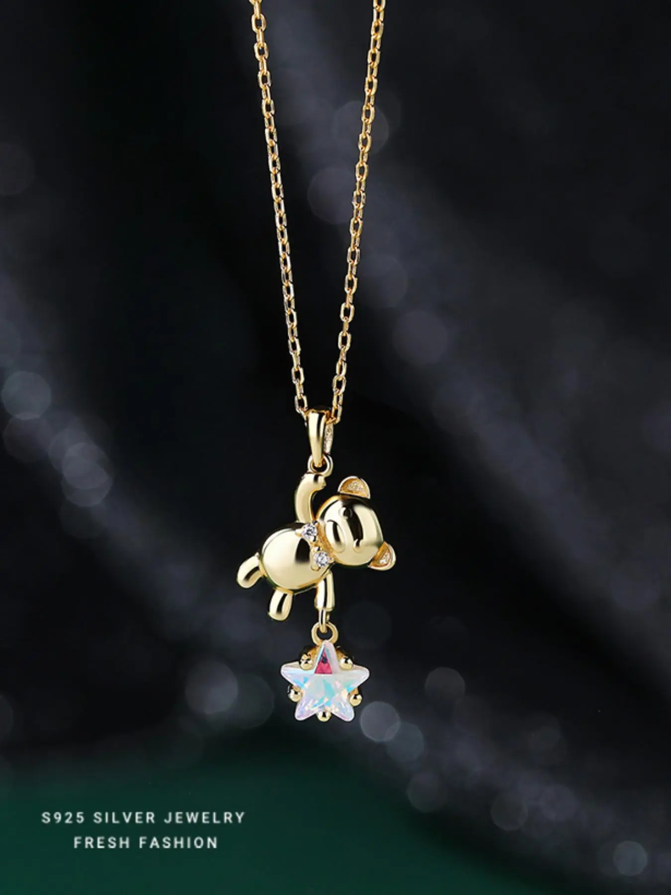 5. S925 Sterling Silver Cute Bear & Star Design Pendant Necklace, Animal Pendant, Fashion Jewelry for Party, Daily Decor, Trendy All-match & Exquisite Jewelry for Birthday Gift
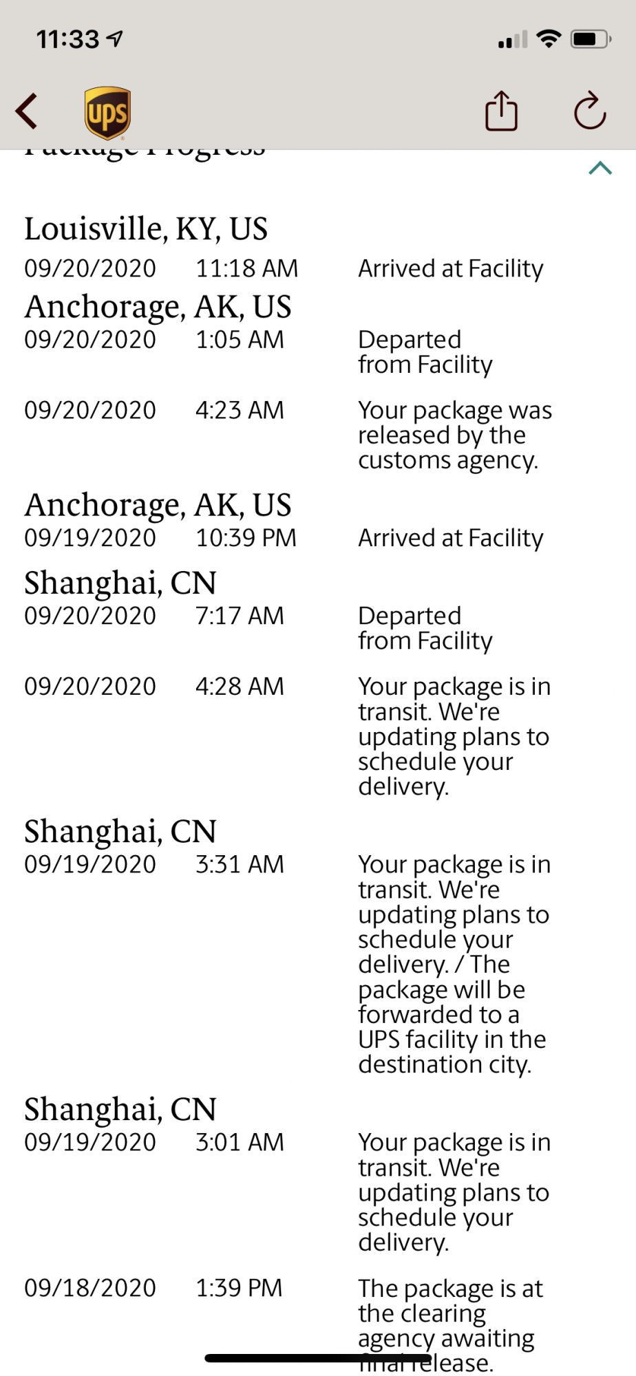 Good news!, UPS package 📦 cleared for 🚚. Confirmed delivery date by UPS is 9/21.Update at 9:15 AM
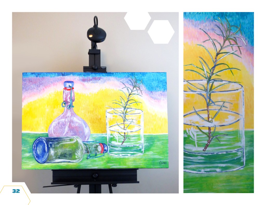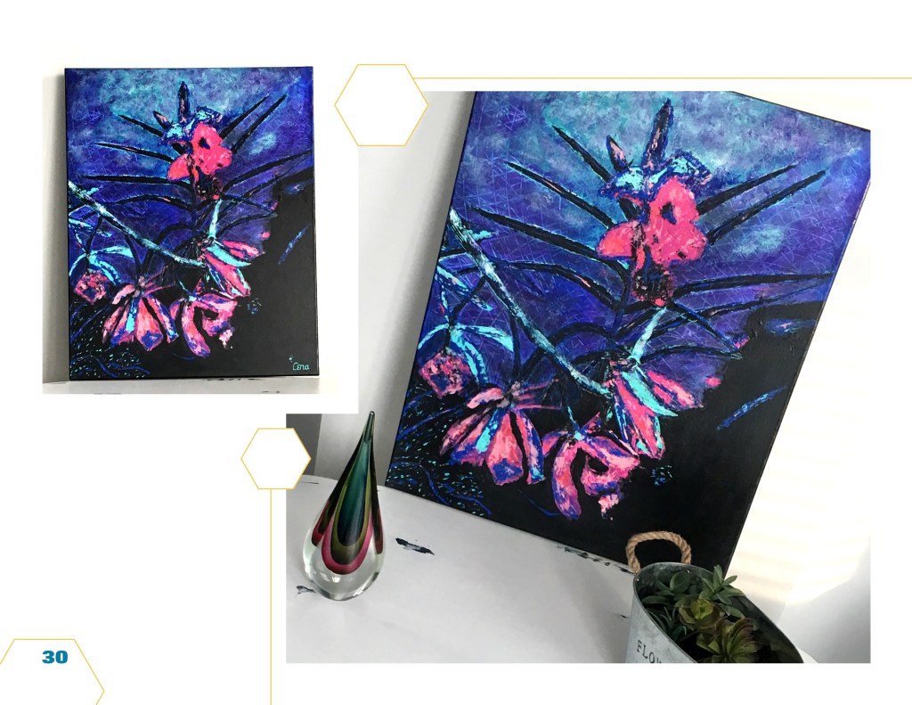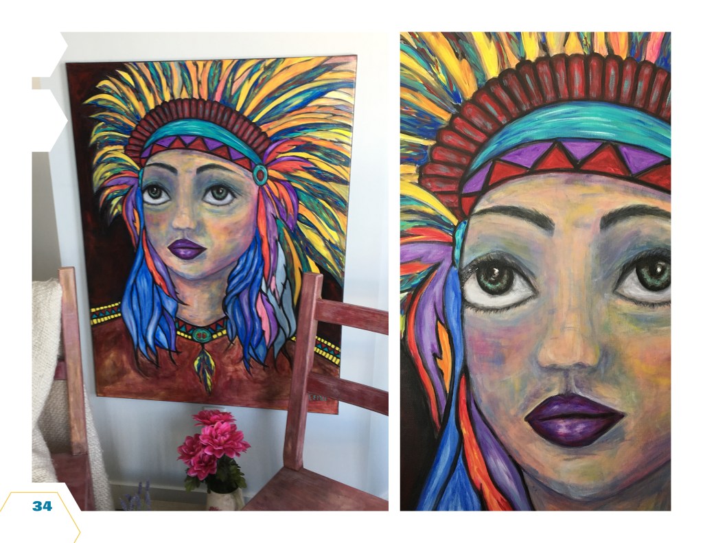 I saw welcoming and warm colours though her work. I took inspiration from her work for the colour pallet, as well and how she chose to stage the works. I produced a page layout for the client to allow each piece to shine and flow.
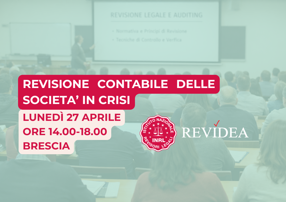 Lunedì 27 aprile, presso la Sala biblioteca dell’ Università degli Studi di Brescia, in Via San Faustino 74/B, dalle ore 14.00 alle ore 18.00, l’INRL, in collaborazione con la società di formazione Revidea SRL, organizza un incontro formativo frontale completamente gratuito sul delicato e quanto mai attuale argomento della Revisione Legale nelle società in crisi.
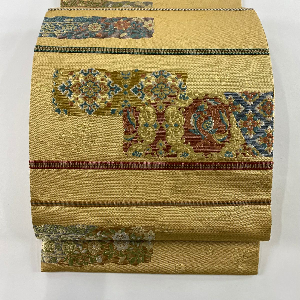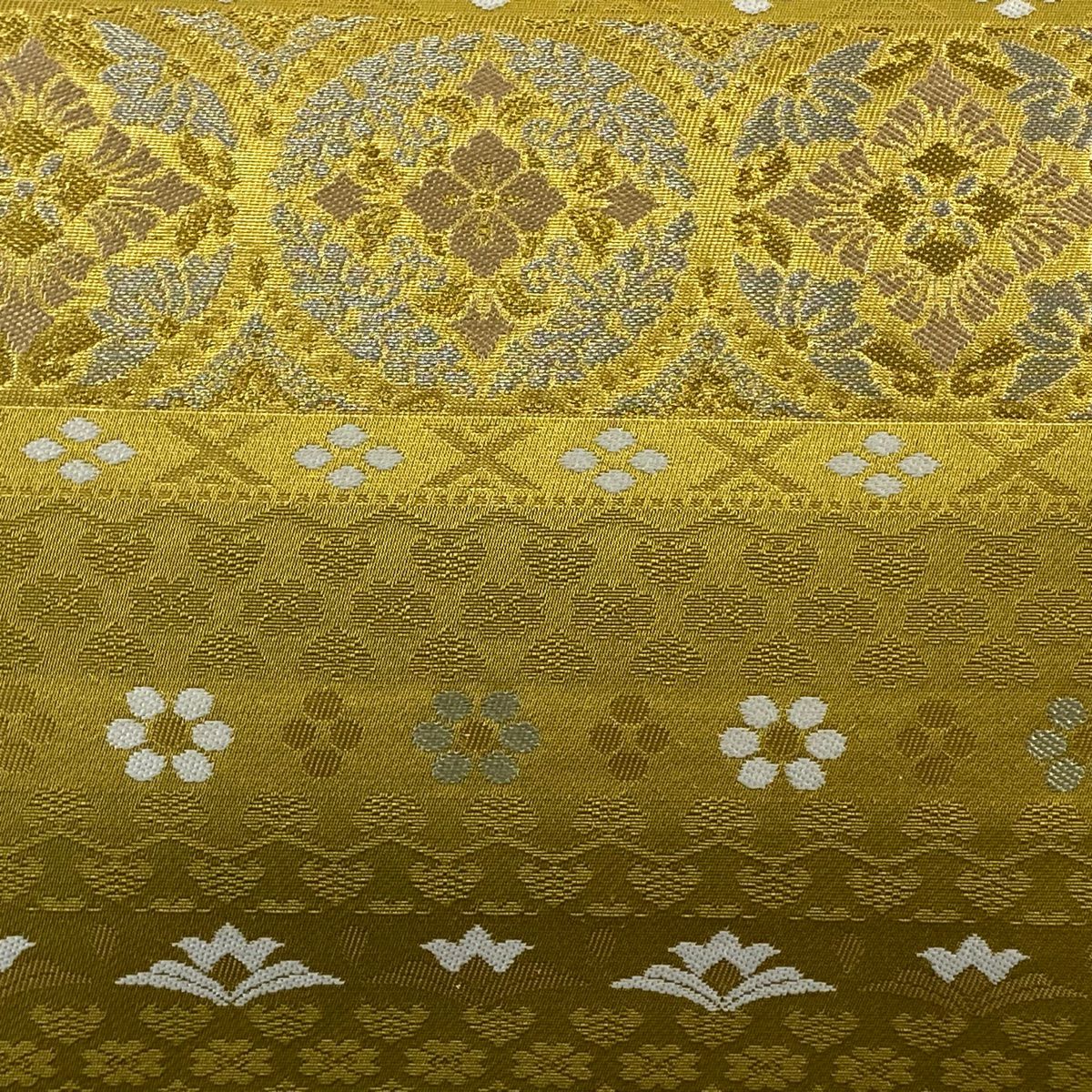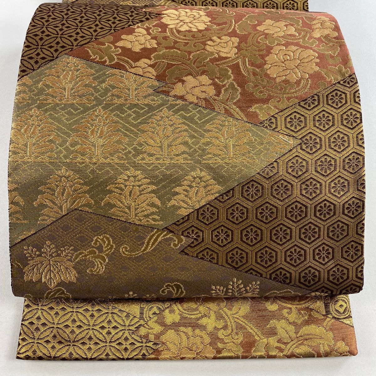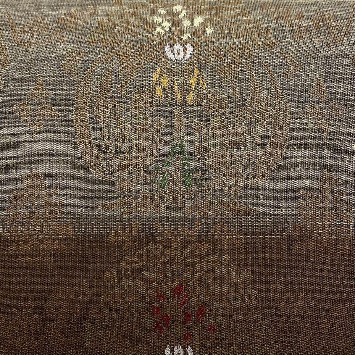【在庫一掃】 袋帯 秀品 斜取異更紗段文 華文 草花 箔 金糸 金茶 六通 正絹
----
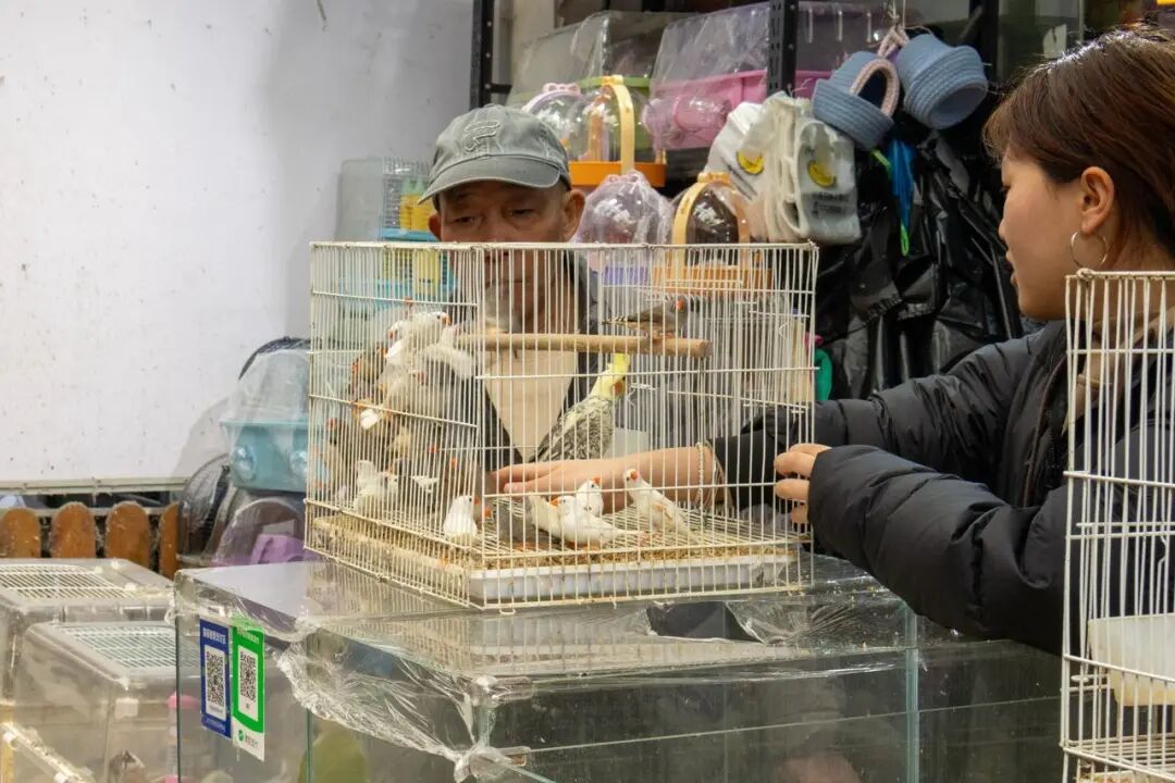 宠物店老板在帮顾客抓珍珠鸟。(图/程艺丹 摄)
----
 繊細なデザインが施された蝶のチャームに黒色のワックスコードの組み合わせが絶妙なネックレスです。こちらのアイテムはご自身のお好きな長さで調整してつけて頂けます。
----
TASK INSTRUCTIONS: Range to print from the listing above: from the line with "5. S925 Sterling" up to and including the line with "I saw welcoming". Please print those lines exactly, with no pictures and nothing more.

OUTPUT OF THE TASK:
 5. S925 Sterling Silver Cute Bear & Star Design Pendant Necklace, Animal Pendant, Fashion Jewelry for Party, Daily Decor, Trendy All-match & Exquisite Jewelry for Birthday Gift
 Good news!, UPS package 📦 cleared for 🚚. Confirmed delivery date by UPS is 9/21.Update at 9:15 AM
 I saw welcoming and warm colours though her work. I took inspiration from her work for the colour pallet, as well and how she chose to stage the works. I produced a page layout for the client to allow each piece to shine and flow.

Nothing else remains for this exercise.